Spatialiser le son à Radio France : pour quoi faire ?
Écouter un concert en son 3D ne va pas de soi, et lorsque l’on compare de la stéréo à du binaural, la différence n’est pas toujours frappante. Nous avons cherché à savoir pourquoi des institutions comme le GRM, l’IRCAM ou Radio France tiennent tant à se pencher sur la question de la spatialisation sonore. Entretien avec Pierre Charvet, directeur adjoint de France Musique et compositeur de musique contemporaine.
La spatialisation sonore en musique, est-ce une nouveauté ?

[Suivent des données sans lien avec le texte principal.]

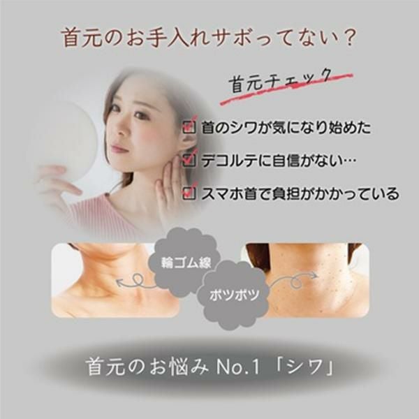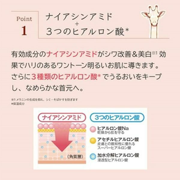 有効成分のナイアシンアミドが気になるシワを改善。さらに3つのヒアルロン酸でぽつぽつやざらつきもなめらかにケア。年齢の出やすい首元をワントーン明るい印象に!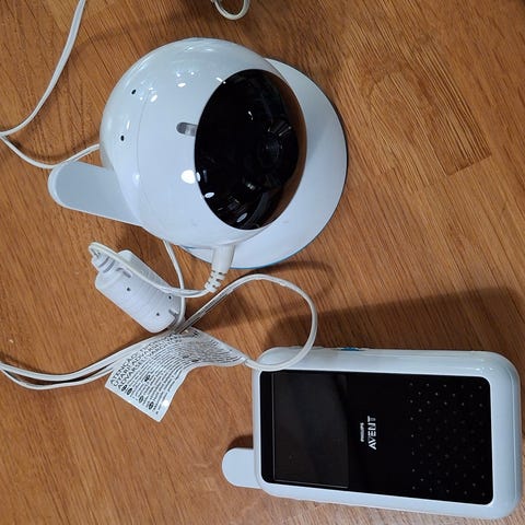 Brukt ca 2 mnd, ligger i original eske med oppbevaringspose. Svært følsom, videoskjerm lyser opp ved hver bevegelse selv om det ikke gis lyd. Trådløs rekkevidde 50 m innendørs, 300 m utendørs.

Absolument pas ! Les compositeurs de musique se sont toujours préoccupés de la spatialisation du son. On trouve des exemples de recherche d’effets spatiaux dès la Renaissance avec Spem in Allium de Thomas Tallis ou encore avec les Sacrae Symphoniae de Giovanni Gabrieli. Les compositeurs prenaient en compte les lieux dans lesquels allaient être exécutées ces pièces, et ils pouvaient par exemple disposer deux chœurs de part et d’autre de la nef d’une église. Il est vrai que les périodes classique et romantique ont privilégié une représentation très « frontale » de la musique, mais les compositeurs ont toujours cherché à prendre l’espace en considération. Par exemple, Wagner s’est fait construire une salle d’opéra rien que pour ses œuvres, le palais des festivals de Bayreuth, sur le modèle des théâtres antiques, pour que chaque spectateur puisse profiter au mieux de ses œuvres, et ce à n’importe quel endroit de la salle. Bien sûr, il ne faut pas confondre effets spatiaux et acoustique d’un lieu, mais ces deux paramètres permettent de comprendre ce pourquoi on utilise la spatialisation sonore : pour replonger l’auditeur dans un lieu rempli de sons, pour se rapprocher au plus près de la complexité de la réalité, et pour créer de nouvelles expériences.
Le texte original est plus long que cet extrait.